Кристина Феррера и Фернандо расположились на заднем сиденье машины Фалькона. Она сковала ему руки за спиной, и сейчас он сидел, опершись головой о спинку переднего кресла. Фалькон подумал, что они поговорили, но потом устали. Он повернулся к ним с водительского места.

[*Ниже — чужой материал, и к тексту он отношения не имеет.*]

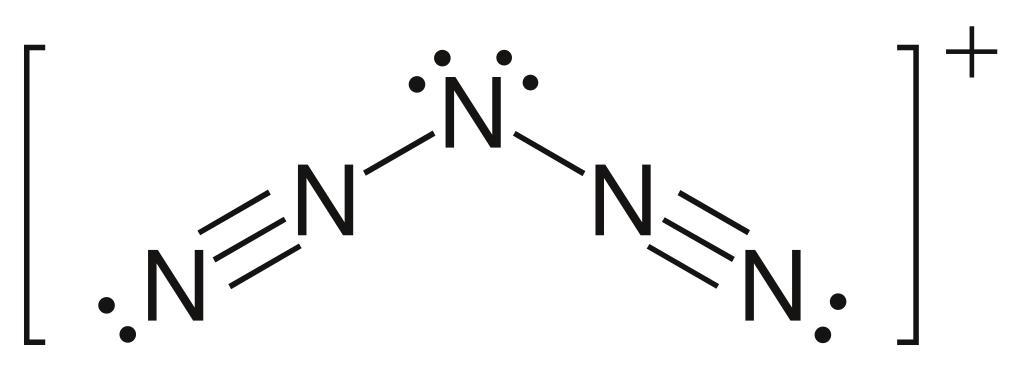 Keywords: Pentanitrogen cation.svg en N<sub>5</sub><sup>+</sup> cation Own Choij 2009-09-12 Nitrogen Cations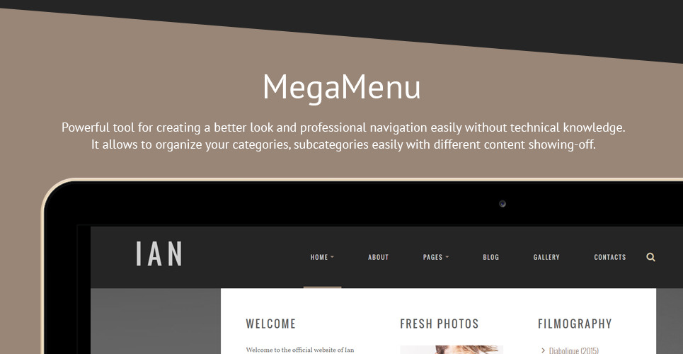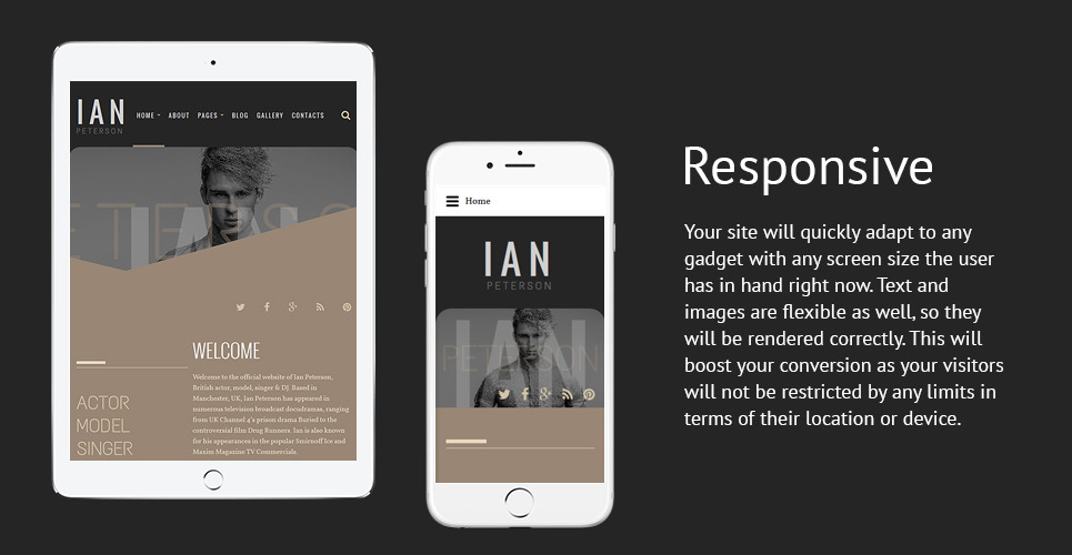 Use this template for a personal page of an actor, model, photographer or any other artist. |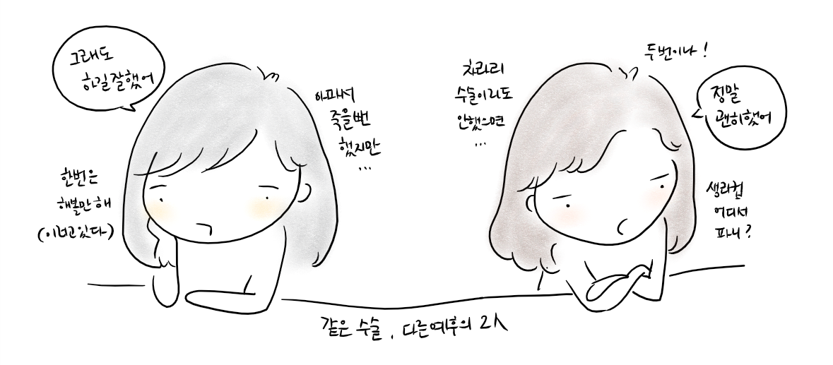 당시에 수술을 결심한 가장 큰 계기는 임신에 대한 대비였습니다. 한때 심했던 월경전 증후군은 한약과 침 치료로 어느 정도 호전된 상태였고, 생리양이 많기는 했지만 참을 수 있었거든요. 무엇보다 수술이 너무 무서웠습니다. 태어날 때부터 병원과는 별로 친해본 적 없는 삶이어서 이런 내가 의료인이 되다니 아이러니라고 생각했는데 나이가 차서 부인과 쪽으로 접어드니 웬걸 대반전, 때마다 병원에 안 가는 게 더 이상한 몸인 걸 깨달았습니다. 한가롭게 병원과 내외하고 있을 입장이 아니었던 거지요.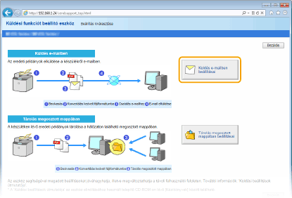 A Küldés-Funkció Beállító Eszköz segítségével konfigurálhatja az e-mail küldés alapvető beállításait. A részletesebb beállításokat (például a küldés előtti POP-hitelesítés vagy a titkosított kommunikáció beállításait) a Küldés-Funkció Beállító Eszköz helyett a Távoli felhasználói felületről konfigurálhatja. E-mail és i-fax kommunikációs beállítások konfigurálása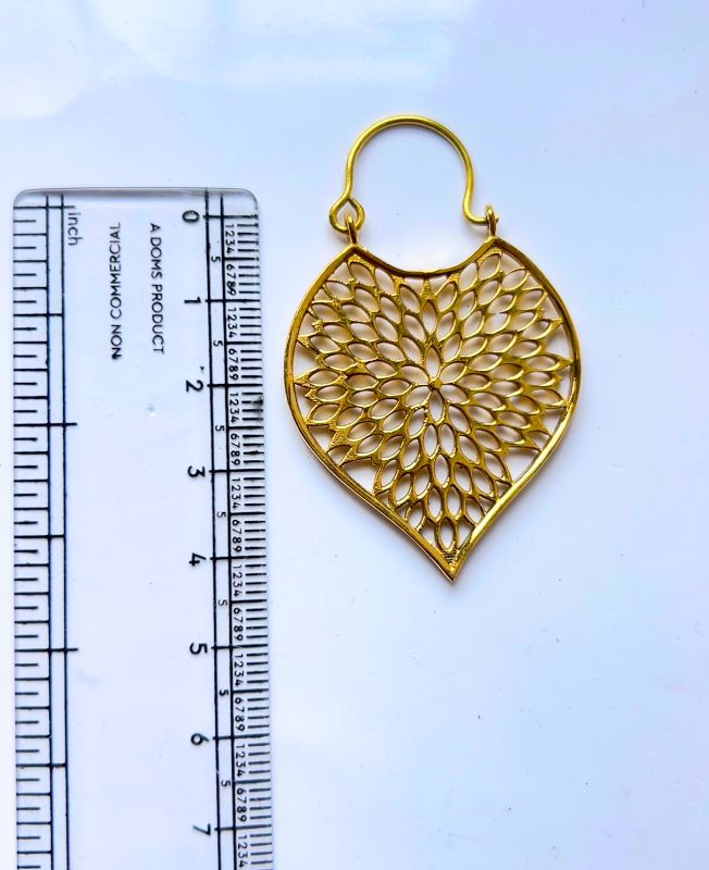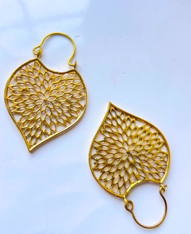 Elegant brass earrings with intricate lotus petal design, finished in a radiant gold tone. Perfect for bold boho or ethnic styles.
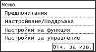 Промяна на дисплея на екранаМожете да промените дисплея на контролния панел, например като промените езика на дисплея и мерните единици, както и да показвате или скривате съобщенията. [Настройки за извеждане]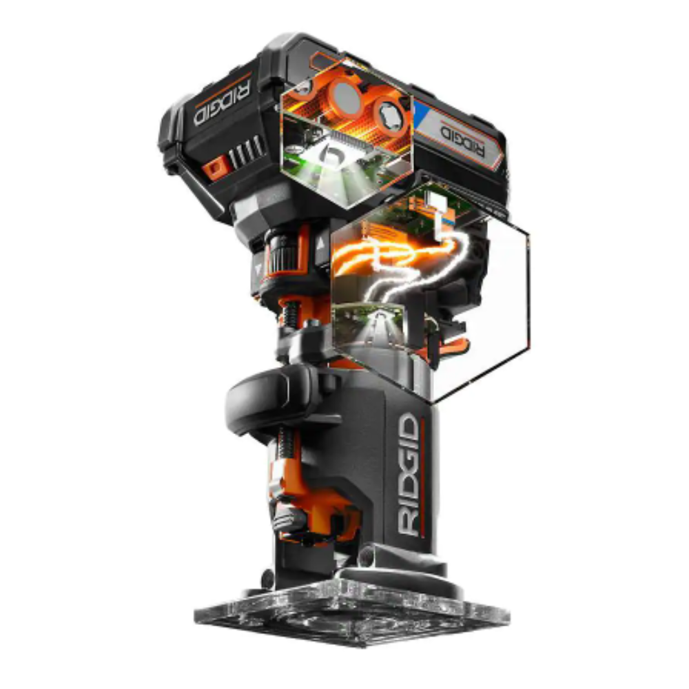 Ridgid 18V OCTANE Brushless Cordless Compact Fixed Base Router Kit w/ Bit. Bases. 18V Lithium-Ion 2.0 Ah Battery. and Charger
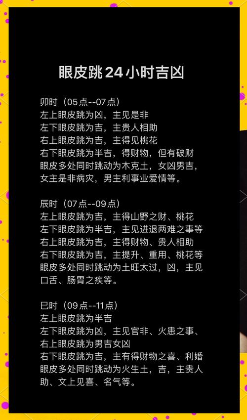 眼皮跳動(dòng),自古以來(lái)就被認(rèn)為是吉兇的預(yù)兆。不同星期眼皮跳,所代表的吉兇也不同。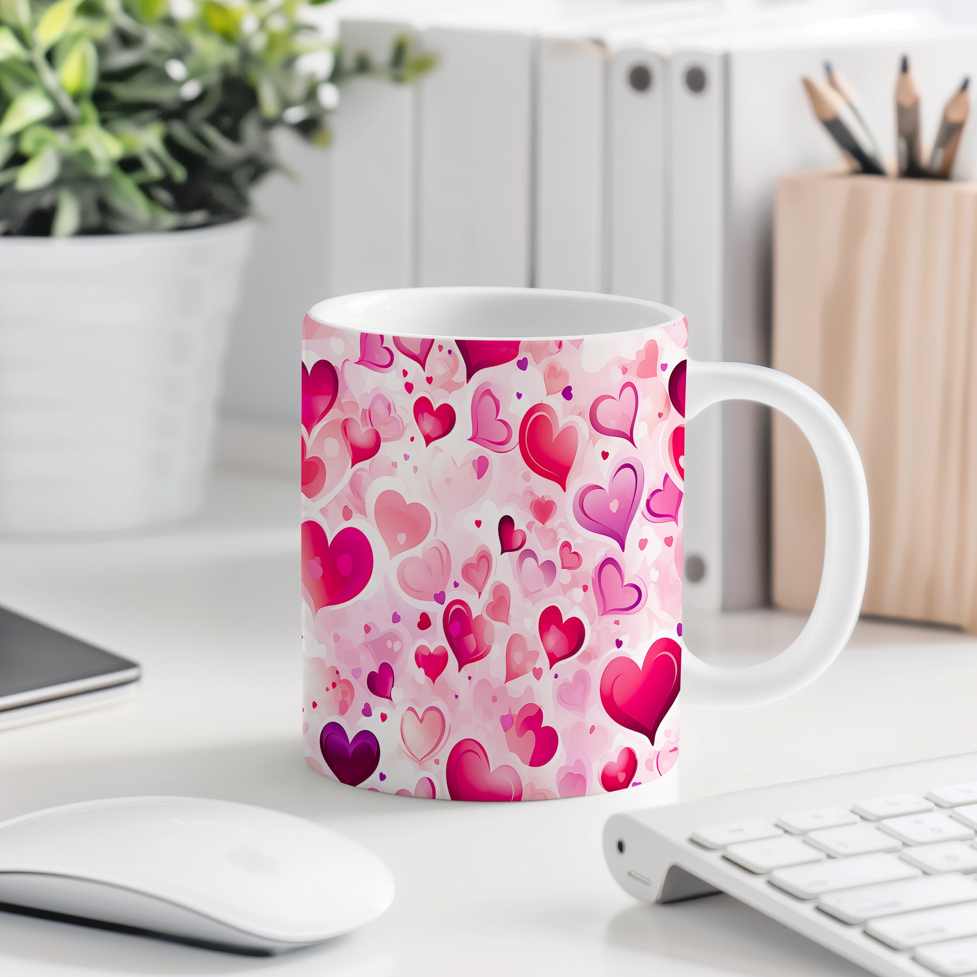 Přineste do svého dne romantiku s hrnkem plným srdíček v jemných růžových a červených odstínech. Ideální pro ty, kteří chtějí vyjádřit lásku i při běžném pití kávy. Tento hrnek je perfektním dárkem pro zamilované páry.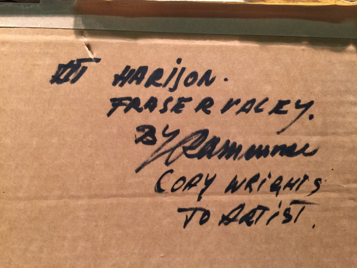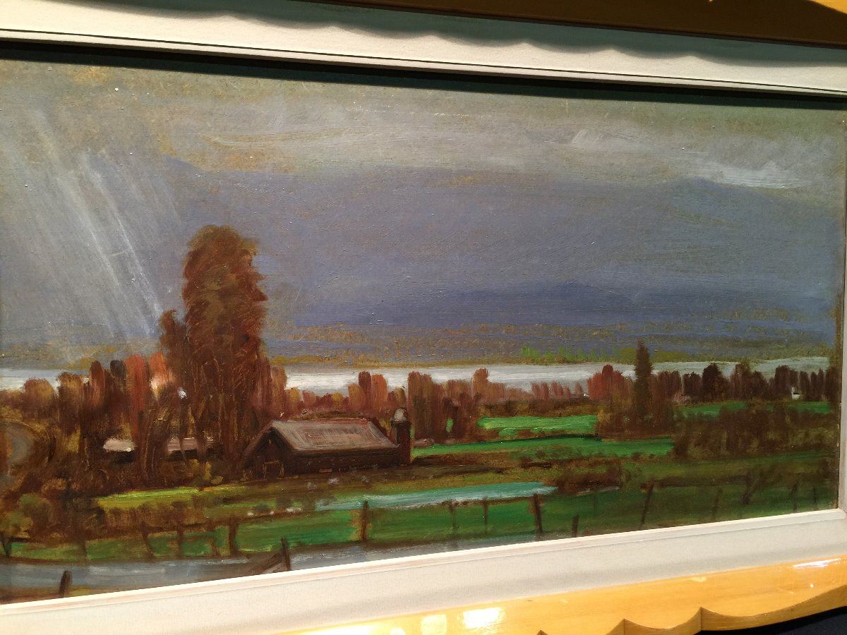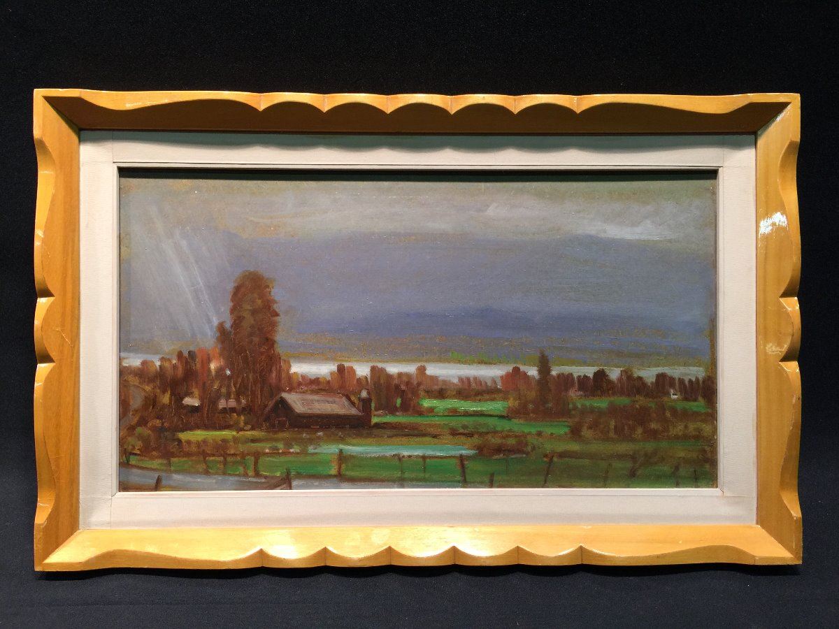 R.A. MESSMER, 1965, UNTITLED FRAMED ORIGINAL, 'FRASER VALLEY SCENE', OIL ON BOARD, 19'' X 11''

— Сеньор Аларкон не будет выдвигать обвинений и не будет рассказывать об этом инциденте журналистам, — сказал он. — А если бы я выдвинул против вас иск, я бы потерял одного из лучших своих сотрудников, ваша дочь потеряла бы отца, единственного из своих родителей, и ее бы отдали в детский дом или же отправили бы к бабушке и дедушке. Вы бы отправились в тюрьму как минимум на десять лет, и Лурдес успела бы вас забыть. Как вы думаете, стоит ли платить такую цену за вспышку неуправляемого гнева, Фернандо?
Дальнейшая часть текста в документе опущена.